Pmo2020 K.kouoh 2 1200px (c) Mehdi Benkler, Bak
Photo by Mehdi Benkler

Ntone Edjabe, founder of Chimurenga, first began corresponding with Kouoh in the late Nineties, as both were building new institutions — Chimurenga in Cape Town and, eventually, RAW in Dakar. Their friendship was born of that early solidarity and nurtured over years of collaboration.

When Edjabe visited Dakar in 2004, Kouoh became his guide to the city and its cultural topography. “She introduced the city to me,” he recalled. “I fell in love with it by seeing it through her eyes.”

Their shared interest in alternative education led to one of Kouoh’s most important initiatives: RAW Academy. Launched in the mid-2010s, the programme offered an experimental approach to artistic training and discourse on the continent.

Edjabe directed the second session of the academy, marking another moment in their long-standing creative dialogue. “It was a continuous exchange,” Edjabe said. “Even when we were not working on specific projects, we were imagining together.”

Kouoh, he said, belonged to a rare cohort — figures like Enwezor and Silva — who expanded the intellectual and institutional horizons of African art. Their recent deaths, all in their fifties, has left a generation reeling. “Koyo was part of this group,” he said. “It’s only after the departure that we begin to estimate the impact.”
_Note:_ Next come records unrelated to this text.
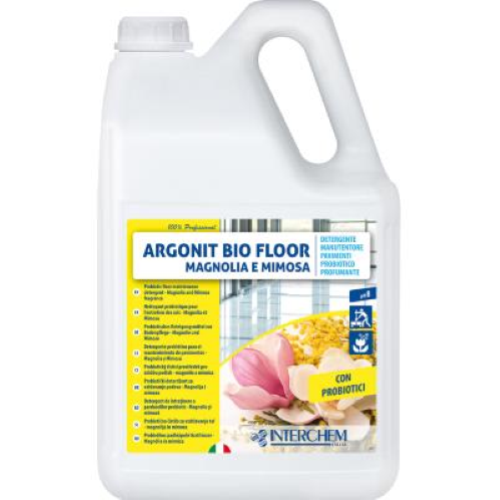 Argonit Bio Floor Magnolia e Mimosa è un detergente probiotico profumante a lunga persistenza per la manutenzione di pavimenti e superfici dure e utilizzo con carrello/mop, frangia o lavasciuga.
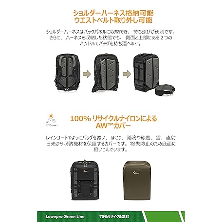 Sản phẩm ロープロ(Lowepro) カメラリュック プロトレッカー BP450AWIIGRL サステナブル素材採用グリーンラインシリーズ 三脚取付可 15インチPC収納可 10インチタブレット収納可 レインカバー付属 23.5L LP37269-GRL đang được bán với giá ưu đãi là $243.5605 tại nước Nhật.
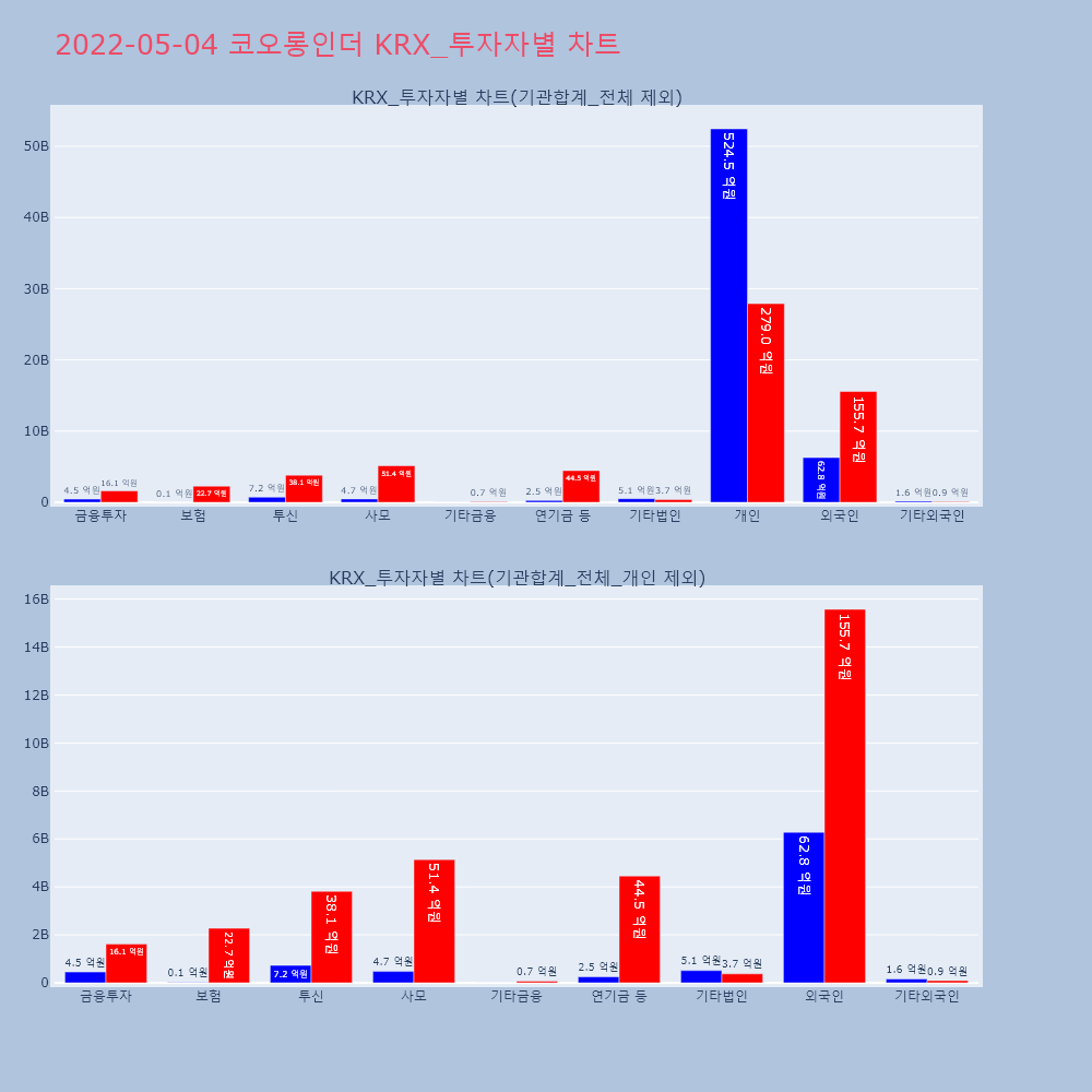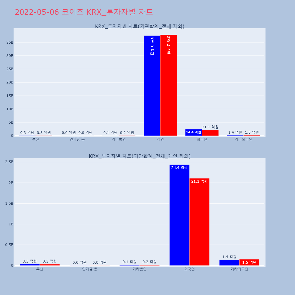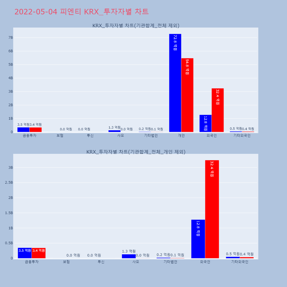 | 투자기관 | 거래량_매도 | 거래량_매수 | 거래량_순매수 | 거래대금_매도 | 거래대금_매수 | 거래대금_순매수 |
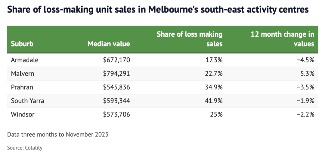 这笔账算不过来了 墨尔本内东南多个被列入 "高密度发展" 计划的热门区域, 近期出现大量公寓亏本出售的情况。 数据显示: 部分区域亏损成交比例高达42%,引发业内对未来高层项目可行性的担忧。 维州政府已将Armadale、Malvern、Prahran、South Yarra和Windsor纳入60个 "交通活动中心" 名单, 鼓励在火车站和电车线路周边建设更高密度住宅。 其中,Malvern、Prahran和South Yarra部分地段允许最高16层建筑, Armadale和Windsor部分区域则可建至10层。 不过,房地产研究机构Cotality的最新数据显示: 这些区域不少公寓正以低于买入价出售。 2025年11月前三个月,South Yarra有41.9%的公寓成交为亏损, Prahran为34.9%。Windsor亏损比例为25%,Malvern为22.7%,Armadale为17.3%。 | | | Share of loss making | 12 month change in | | --- | --- | --- | --- | | Suburb | Median value | sa ...
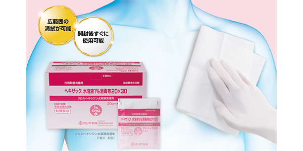 [クロルヘキシジン製剤]ヘキザックシリーズ(クロルヘキシジン製剤)使用時の手順など、現場で役立つ資材をご用意いたしました。
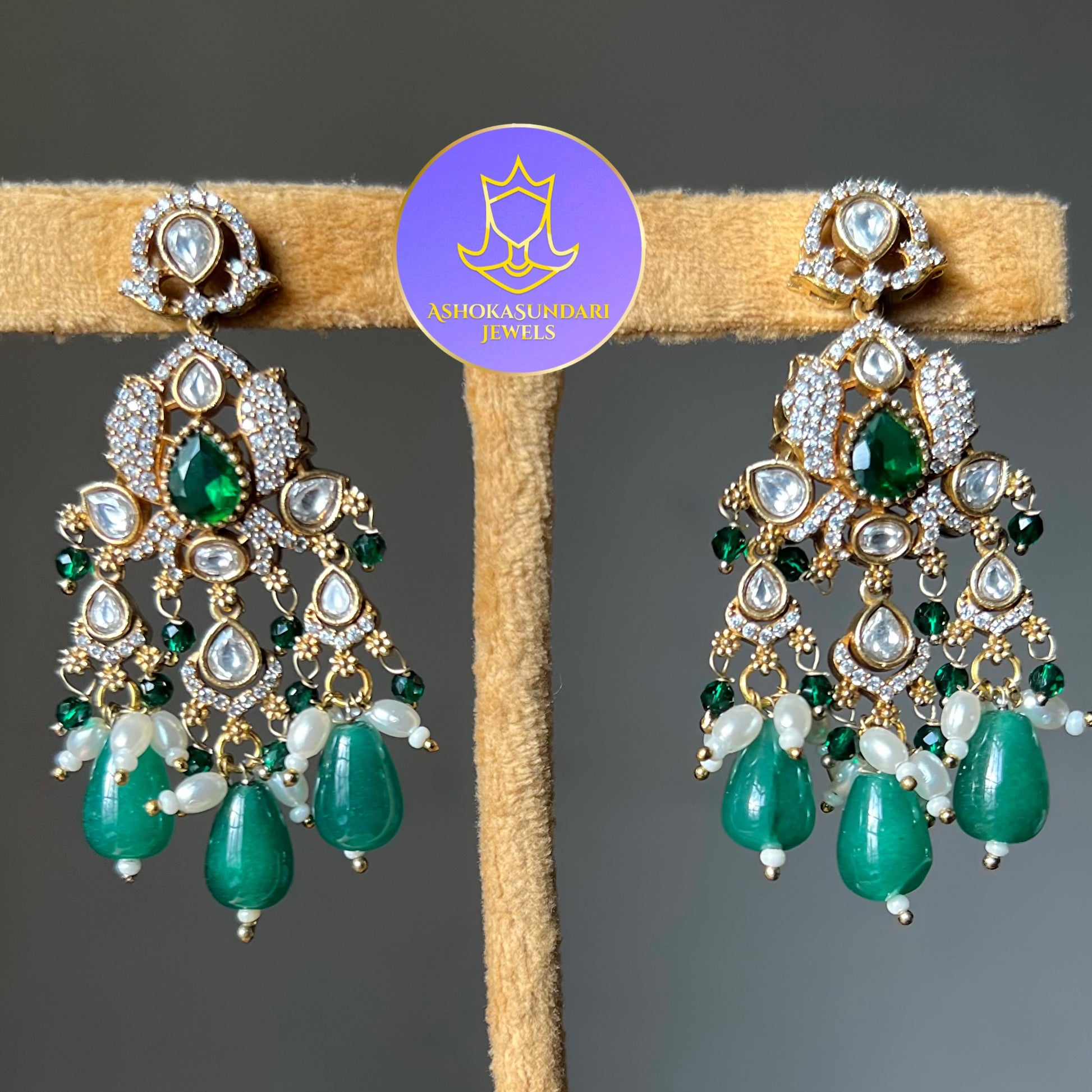 Emerald Green Amethyst Purple White Kundan Polki Foiled Statement 100% Pure Brass White Stone Moissanite Diamond lookalike Designer Earrings. Festive Bridal Look Indian Traditional Jewellery handcrafted by highly trained Indian Artisans. Best Kundan Polki Hanging Earrings designs crafted in Antique Gold Matt Dull Look finish.

Her death from cancer is not only a personal loss for those who loved her, but a monumental one for the world of art. Kouoh’s legacy is one of expansion — of geography, of thought, of possibility. She opened doors and created rooms that hadn’t existed before. And while her journey has been cut short, the paths she carved remain wide and open for others to walk on.

As Bonaventure put it, “It’s a loss we cannot quantify.”